Dan Wall, Live Nation’s executive vice president for corporate and regulatory affairs, said the company has increased investment in anti‑bot defenses and identity verification and described tools such as a face‑value exchange and a newly appointed technologist in senior leadership. Wall acknowledged escalations in automated attacks and told the committee the company is seeing significantly higher volumes of automated sign‑up and purchase attempts.

Senators cited language in the FTC complaint and an internal email that said the company would "turn a blind eye" to brokers using multiple accounts. Chairwoman Blackburn and others asked why brokers had been permitted multiple accounts and whether Ticketmaster disciplined brokers who evaded controls. Wall said the email was taken out of context, pledged to submit further information and said the company has adopted a policy limiting brokers to a single Ticketmaster account and removing certain broker management tools.

Independent venue testimony described repeated incidents where fake or speculative listings appeared on reseller sites and left venues to handle upset customers at doors. Venues reported difficulty getting reseller platforms to answer complaints promptly.
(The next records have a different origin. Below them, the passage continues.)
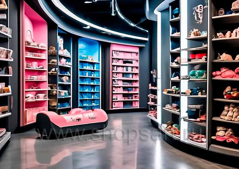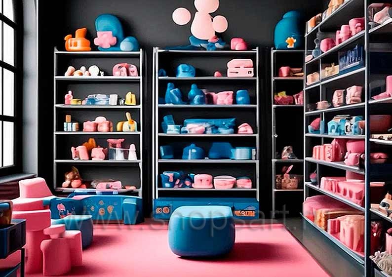 Поскольку для размещения разного рода игрушек (кукол, машинок, плюшевых зверей и т.д.) используются стеллажи и другие торговые конструкции, то уместно сделать упор на дизайне данного оснащения. Мебель для магазина, главными покупателями которого являются дети, должна быть привлекательной именно в восприятии этих юных созданий. Малышам понравится торговое оборудование в виде домиков, пирамидок или машинок. Они будут в восторге от ярких разноцветных торговых стеллажей с подсветкой.
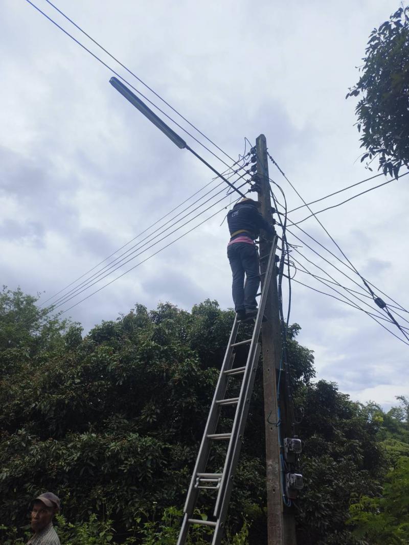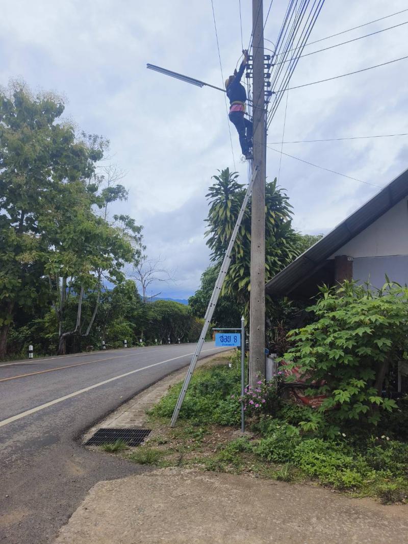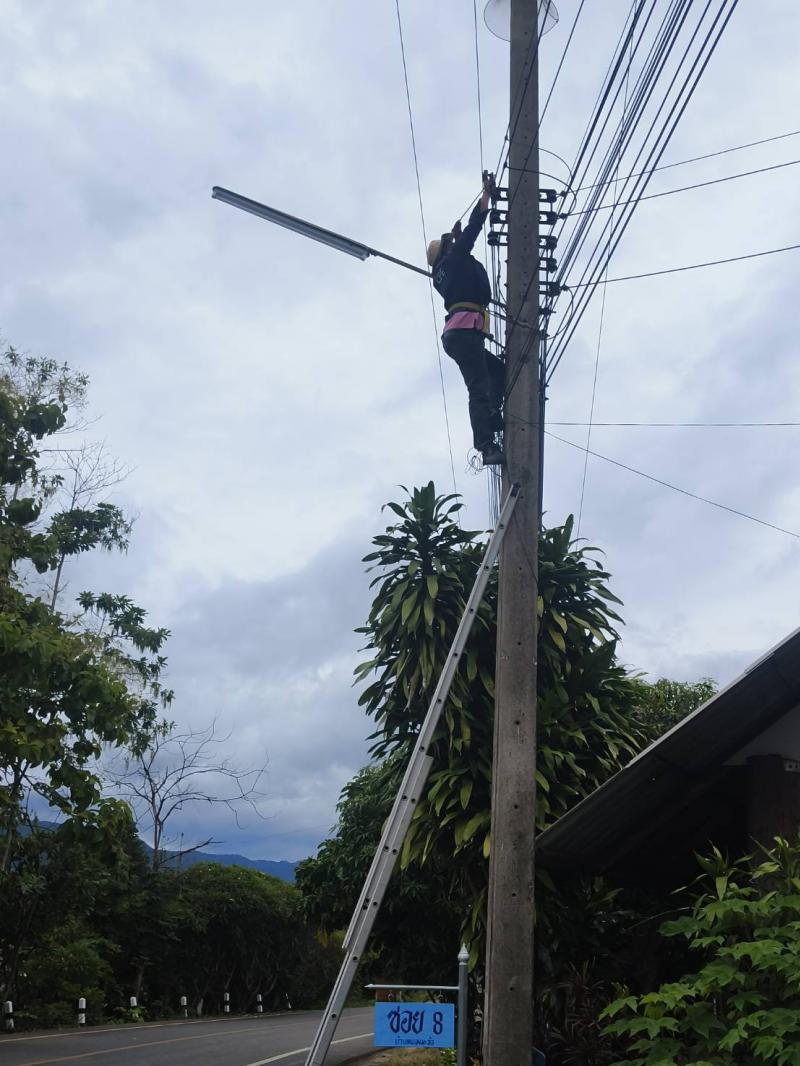 ลงพื้นที่ทำการซ่อมแซมไฟกิ่งสาธารณะ บ้านหนองมะล้อ หมู่ที่ 2 ตำบลแม่ลาน อำเภอลี้ จังหวัดลำพูน
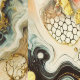 Ein abstraktes Gemälde mit goldenen Flüssen, die sich durch die Farben Weiß, Rot, Blau und Schwarz schlängeln. Die dynamischen Muster entstehen durch die Technik des Fluid Paintings.
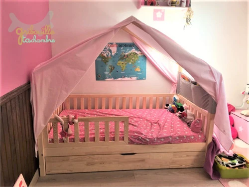 Un joli nid douillet pour votre enfant encore plus éllaboré grâce à cet habillage complet pour modèle lit cabane Pinède 90cm de lare maximum.
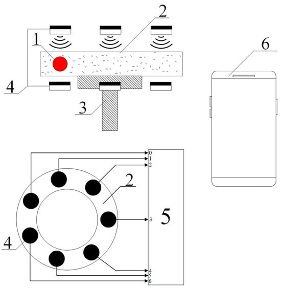 The principle of operation of the proposed type of viscometer, as in the case considered, in particular, in [], is based on the induced rotation of the ball (1) located inside the measuring cell (2). This cell is filled with the test fluid and is located on a rotating bed (3). The ball is involved in a circular motion due to high enough viscosity of the solution. Seven optoelectronic pairs (4) are used to record the rotation pattern of the ball, allowing the capture of a circular image split into seven pixels. Optoelectronic pairs (4) are set to threshold actuation, i.e., at the output of each of them a signal is generated that corresponds to either a logical zero or a logic one. Signals taken from pairs (4) are fed to the primary signal processing unit (5), which performs, among other things, the operation of digital logarithm. All other operations that are computational procedures, as shown in [,], should be performed using a program installed on the user’s smartphone or iPhone (6). Data transmission from the unit (5) to the smartphone is carried out using a Bluetooth module on phone (6).
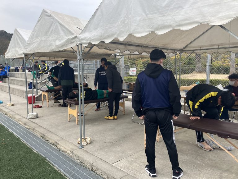 ブースにおいては痛みや足首の不安定さからテープングを行う選手たちもいました。
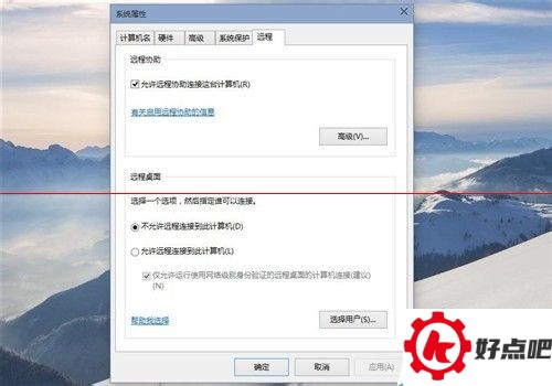 6. 把远程协助里“允许远程协助连接这台计算机”的勾选取消掉,就像下面图里展示的那样。

Witnesses and senators agreed on some shared goals — such as banning deceptive speculative listings and adopting all‑in pricing — but differed over whether platforms had been sufficiently proactive, how much harmful activity remains, and whether technical measures alone can close enforcement gaps. Senators asked the panel to provide lists of artists that can control resale and to produce records; the committee said it will consider subpoenas if voluntary compliance is insufficient.